Our Business Development Plan
Our business development plan is in three phases:
Phase I: Scientific Research to Demonstrate Net Energy
The goal of phase I is to demonstrate in a laboratory more energy out of the device than we put into it. This would be a tremendous breakthrough and would solve the scientific challenge of fusion energy production. This is the phase we are now in. While time estimates are extremely uncertain, we hope to complete this phase in about 12 months and with an additional $1 million in expenditures.
To see the progress we have made so far, see our timelines and milestone.
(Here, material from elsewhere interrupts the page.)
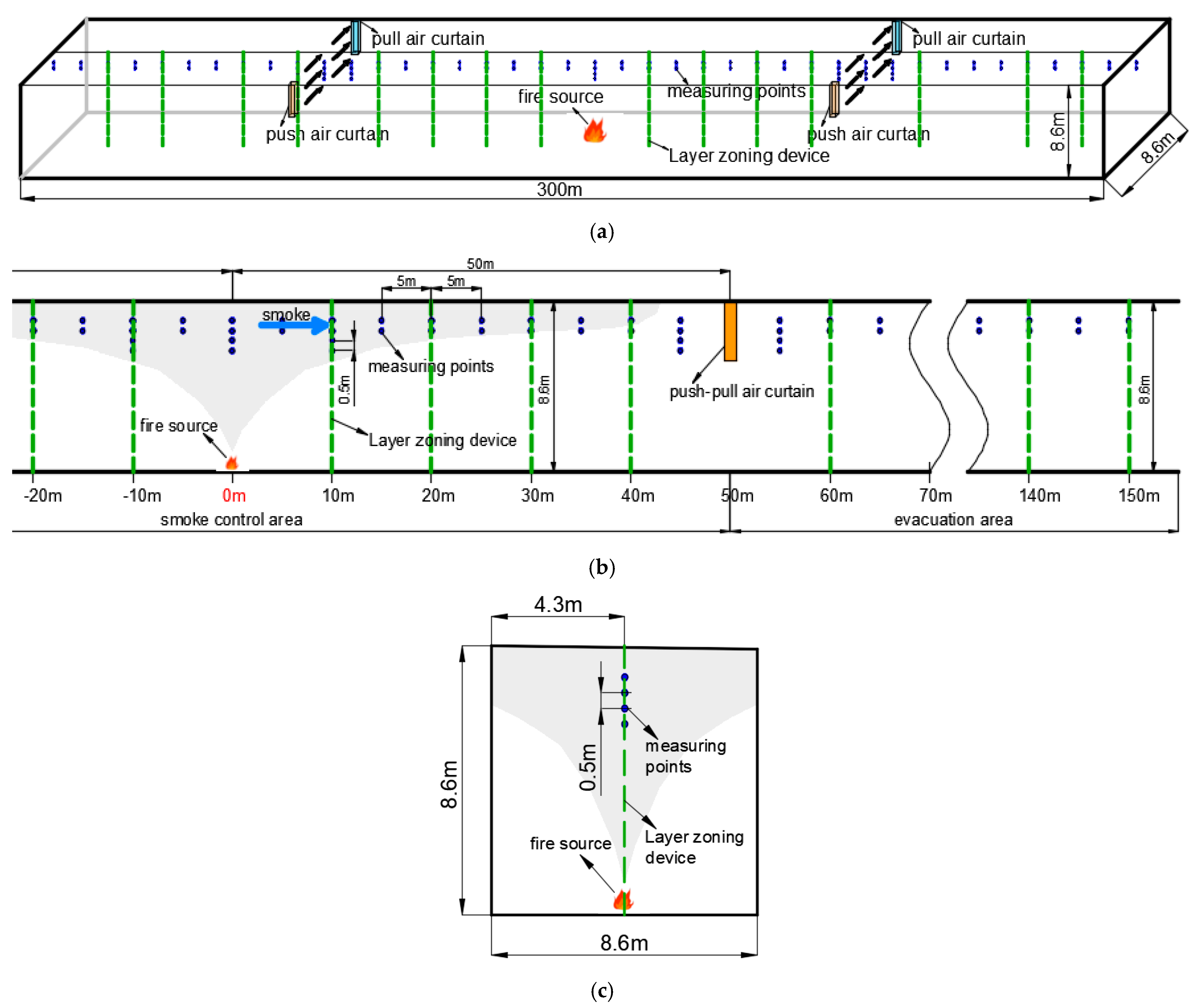 32]. Consequently, efforts have been made to analyze tunnel fire smoke dynamics with air curtains, aiming to optimize ventilation efficiency [

Phase II: Engineering and Development of Working Prototype Generator
In Phase II, we will develop the Focus Fusion device as a repetitively pulsed generator, pulsing up to a few hundred times a second, develop the conversion devices to convert the ion beams and X- rays to electricity, and perfect the cooling system and general electrical control system. We will also optimize the fusion energy generation efficiency. At the end of Phase II, which LPP estimates will take another 3 – 4 years, we plan to have the world’s first functioning fusion generator producing net electricity. It will be ready for mass-production. We estimate the budget for this phase to be about $100 million, to be raised from a combination of government and private sources.
We also intend to obtain an industrial partner to develop our X-scan spin-off technology, which we expect will provide some royalty income during this phase.
Phase III: Commercialization
We believe that the fastest and lowest-risk method of generating income from the fusion generator is through selling non-exclusive licenses on the technology. LPP will be protecting its intellectual property rights with a series of patents. Likely initial licenses agreements will be with large international companies already in the power generation sector and with large governmental energy organizations. The up-front money from the sale of such licenses will generate a relatively large income stream initially that will be supplemented when royalties being to flow after actual production is begun. We also intend to initiate our own production facilities in order to have the manufacturing expertise needed to aid licensees.
Our plan is that, early in Phase III when we have reached profitability, we will organize an IPO to become a public company.
Market Projections
Early engineering analysis suggests the 5 MW Focus Fusion reactors could be produced for less than $1 million apiece, possibly much less, when economies of scale typical with mass production are realized. Since annual hydrogen boron fuel costs would be very low, generator capital cost, including maintenance,  drives the cost of electric power produced, which at $1 M comes to 0.5 cents per KwH. This is less than one-tenth of the cost of conventional electricity generation units of any style or fuel design. It means that once the prototype is successfully developed, Focus Fusion generators will be the preferred technology for new electrical distributed generation.
It is likely that units larger than 5 MW will be formed by simply stacking smaller units together, with approximately the same cost per kW of generated power. Such multi-unit systems will also have greater reliability than single larger systems, with built-in redundancy.
We can project the eventual market for new electric fusion generators. Current global new electric generation capacity today amounts to about 100 GW per year, averaging over the last decade. We estimate that the introduction of a much cheaper energy source will in fact increase growth of electric consumption considerably. There will also be a significant market for the replacement of existing sources as well.
We project that, assuming adequate funding, licensed manufacturing partners will begin building and selling LPP design fusion generators starting in about four years with annual production increasing very rapidly over the following ten years. At 5% royalties on sales, LPP revenues from royalties would also ramp up starting about five years from now reaching hundreds of millions of dollars in the first two or three years and surpassing $1 billion after a few years more. LPP may realize revenues before then, from license agreements and providing consulting services to licensees as they refine their commercial generator designs to make manufacturing most efficient.
A more realistic estimate of eventual market size assumes that Focus Fusion will eventually replace nearly all forms of existing energy, not just electricity, and that with much cheaper power, energy consumption will grow rapidly – perhaps 10% per year. In this case, since current total energy consumption in all forms is over 10,000 GW, a market of closer to 500 GW (25,000 generators) per year is reasonable with royalties of about $2 billion per year.